Thanks for the heads up! I tried to ensure the first letter was not capitalized in the input field but didn't add the validation. I just pushed a fix for this and the game should now recognize you as a proper winner :)
Yea, I thought parameters per compression algorithm should indeed be added in a next version :) more compute but definitely an improvement.
I think pandas doesn't offer zstd as option with csv, but I'll check once more.
EDIT: indeed, it's missing in `to_csv` - seems like an oversight.
Spot on (I briefly touch on this in the article)! This is why I try to work with cheap-to-compute features. I used to calculate how unique all values were, but ended up taking a sample instead to speed that part up for large data!
Perfect interview questions to get to the juice details haha!
The problem is that choice of compression is very much dependent on the sample size, so this is why just choosing the algorithm based on running benchmarks on the sample will be off.
However, computing certain statistics on the sample and then doing machine learning makes a lot of sense!
Obviously not for simple/cheap to compute features such as number of rows/columns which actually do not take longer to compute as the data gets larger.
But I actually do this for predicting the uniqueness of values!
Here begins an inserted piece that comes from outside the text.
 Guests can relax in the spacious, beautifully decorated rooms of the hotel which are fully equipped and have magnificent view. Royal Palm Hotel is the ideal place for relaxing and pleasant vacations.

You basically want to get an idea of how many unique values you have per column. But.. if you take a sample this will give you completely wrong numbers.
You can see my approach here: https://github.com/kootenpv/shrynk/blob/6a8675061d82aa65fc3b...
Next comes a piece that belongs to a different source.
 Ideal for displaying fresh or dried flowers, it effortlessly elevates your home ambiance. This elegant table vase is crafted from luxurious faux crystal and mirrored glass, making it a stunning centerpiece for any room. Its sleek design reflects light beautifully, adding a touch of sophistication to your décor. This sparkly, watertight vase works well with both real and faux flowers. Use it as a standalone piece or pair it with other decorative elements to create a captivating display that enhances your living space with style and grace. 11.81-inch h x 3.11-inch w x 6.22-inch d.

Basically the formula calculates the uniqueness on a sample (e.g. 10000 rows), but then extrapolates the result to your actual data size. E.g. it finds 100 unique values in a sample of 10000, but in reality that means you maybe have 500 unique values.
As the author noted after you posted this, it’s not a given that the ML algorithm is O(n). It may be constant time (by looking only at column headers and a sample of data, say).
That said, I was really more interested in practical runtimes. Like, in practice the ML may have a high startup cost (e.g., due to cost of loading a model), whereas for most sized datasets linear complexity may be fine...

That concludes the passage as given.